Dr Clarke was hugely proud of her Clare roots and was laid to rest in the Comyn family burial plot in the old abbey at Bishop’s Quarter Cemetery, Ballyvaughan, on New
Year’s day.
Her funeral Mass in St Colmcille’s Church, Skryne, was celebrated by Fr Tom O’Mahony, PP, assisted by Fr Paddy Clarke, St Columban’s, Dalgan Park, brother-in-law of the
deceased, Fr Padraig O’Donovan, vice-director, Dalgan Park, and Fr George McCaughey, Salesian Fathers.
Dr Clarke is survived by her daughter, Michelle; son, Shane; grandchildren, Conor, Molly, Gile, Anna and Tom; sister, Dr Marcy McCann, Limerick; extended family, relatives and many dear neighbours and friends.
A month’s memory Mass takes place in Rathfeigh Church on Saturday 27th January at 6pm.

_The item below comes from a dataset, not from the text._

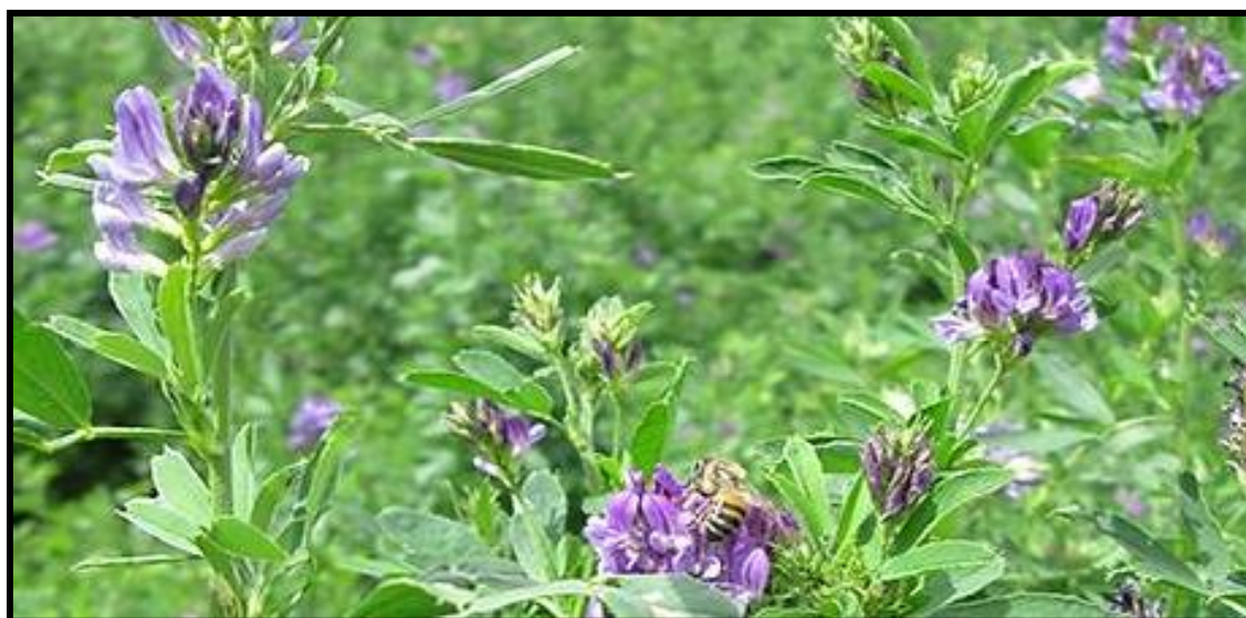
Figura 13. Floración de la Alfalfa ( Medicago sativa )

Hi Michelle, I am a cousin of yours. I am P.J. O Connor from Ruan living in Leixlip, Co. Kildare for a long number of years. I was at your Mums reposing in Dunshaughlin, I met Shane and Gile your cousin and other family. My eldest brother Christy rang me as your Auntie Marci rang him about Rose. Marci maintains contact with him. I do hope and pray that your treatment is going well and that you are feeling much better. My sympathies to you on your Mums passing. Wishing you all the best in the future. I do have a son in law from Harare married to my nursing daughter Niamh. God bless you Michelle. Your cousin P. J.